J'ai voulu l'aimer, vraiment, mais seulement je dois me rendre à l'évidence : c'est plein de défauts et je suis déçus.
Déçus parce que c'est la Palme d'or et que l'on se demande aujourd'hui si le choix de récompenser ce film n'est pas purement idéologique (réalisé par une femme, porté par des femmes, sur des thématiques qui tournent autour du genre et du corps féminin et le discours "inclusif" de Julia Ducournau à Cannes).
Déçus parce que c'est le deuxième film de Julia Ducournau après un premier chef d'œuvre, GRAVE. Qui pour moi tenait son ambition de faire naitre (huhu) un nouveau cinéma "de genre" en France en sachant parfaitement mélanger une histoire intimiste et des thématiques sociales dans une histoire un peu surnaturelle de cannibalisme.
Ici seulement, la base du "réel", la cohérence du scénario et des réactions des personnages est diffuse, dynamitée par des séquences oniriques, des abstractions, qui empêchent totalement de ressentir une quelconque émotion. Qui perd aussi pas mal dans la compréhension du récit. J'ai un doute sur l'histoire des disparitions, j'ai un doute sur le corps calciné qu'imagine Vincent Lindon, sur le personnage du pompier jaloux qui revient brûlé. On nous demande d'accepter beaucoup d'incohérences et on nous balance trop de pistes contradictoires et dans des tons trop différents. On est trop dans l'allégorie, cryptique, et ça rend le film ennuyant. Un côté roman-photo, clipesque et pop (certains plans et idées directement pompés à Xavier Dolan). On a l'impression de voir un film superficiel, d'esthète, de quelqu'un qui veut juste filmer une violence, des corps mutilés et de la beauté, mais qui n'a rien de plus à nous dire depuis Grave . Qui ne sait pas faire sens de ses obsessions et désirs de cinéma dans un scénario cohérent.

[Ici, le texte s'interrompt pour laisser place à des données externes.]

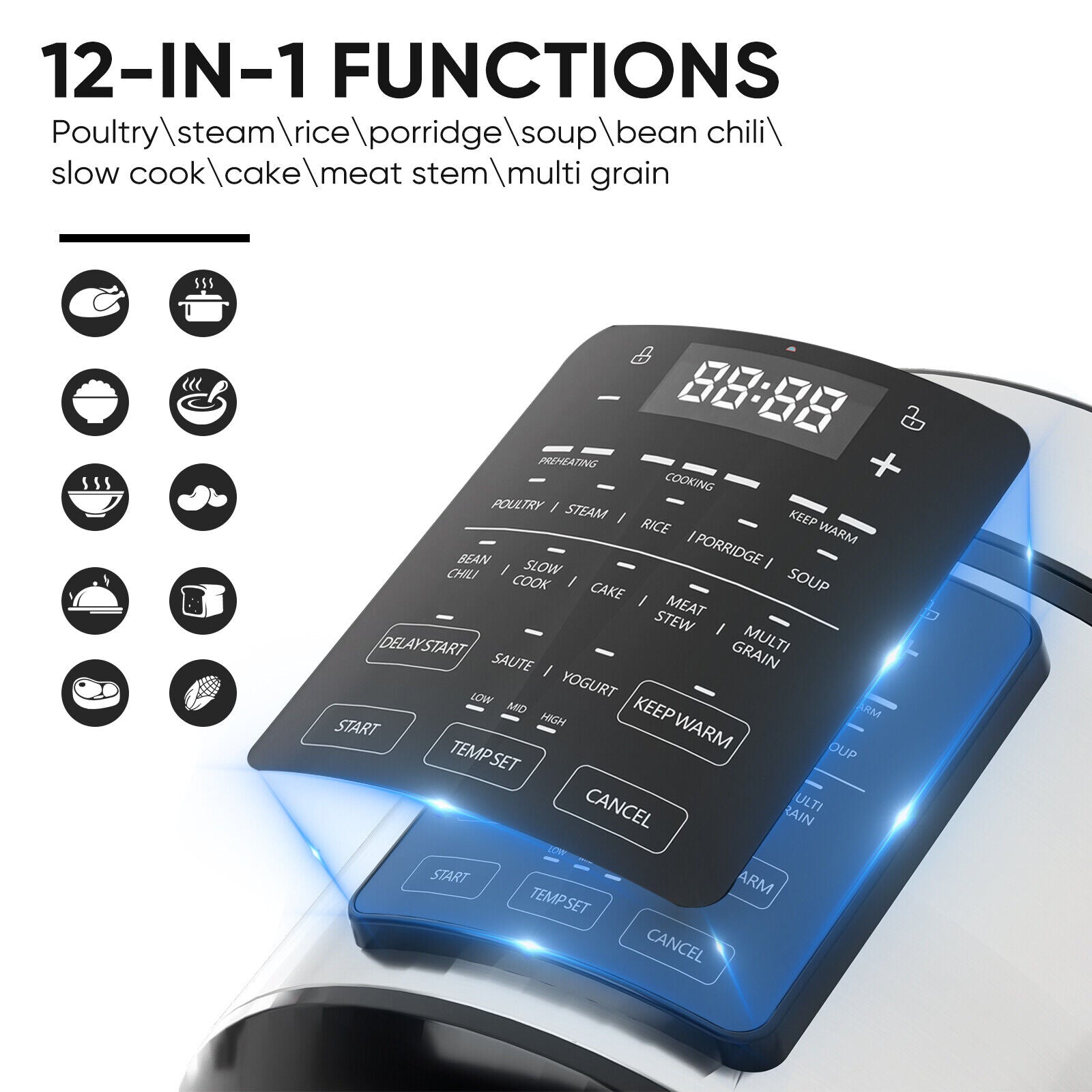 All-in-One Kitchen Companion: Transform your cooking with the 6 Qt 12-in-1 Pressure Cooker, a multi-cooker that replaces 9 appliances in one. Whether you're pressure cooking hearty stews, slow-cooking tender meats, or baking a fluffy cake, this device simplifies meal prep with 12 versatile cooking functions.
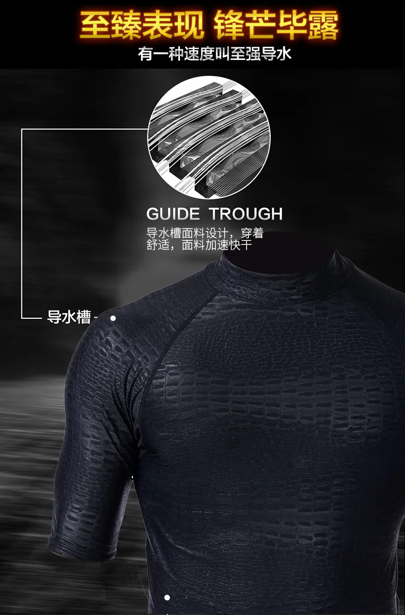 В этом костюме для дайвинга Используется 3D четырехигольная и шестиниточная резка. Американский DuPont 82% нейлон + 18% спандекс удобный, дышащий, быстросохнущий, имеет водонепроницаемое покрытие на поверхности и использует самый передовой процесс тиснения ткани. Он весит всего около 280 г и очень легкий, эта одежда показывает внешний вид sharkskin и имеет сильную функцию подачи воды. Идеальное снаряжение для дайвинга и серфинга для пляжного отдыха

Pour autant, l'audace du film, les interprétations que l'on peut en faire, le jeu impeccable de Vincent Lindon et Agathe Rousselle et leur relation "père de substitution" qui est très bien explorée sauvent la mise. Egalement la générosité des scènes gore et l'ambiance étrange instillée tout au long du film avec une bande originale très travaillée créent parfois un semblant de magie. On croit presque au grand film générationnel, coup de poing, la tatane qui nous est vendue. Jusqu'à ce que le soufflé retombe. La fin qu'on anticipe pourtant énormément, pallie quand même à plusieurs moments d'ennuis, la naissance ou renaissance d'un monstre pour clore un récit ayant toujours fait preuve d'efficacité sur moi (Rosemary's Baby, Alien 4, Children of men...)
Ma seule crainte c'est qu'en récompensant des oeuvres certes ambitieuses, mais à ce point imparfaites et brouillonnes on en vienne à définitivement décrédibiliser la cause auprès du grand public (tant au niveau du politique qu'au niveau du manque de films de genre en France).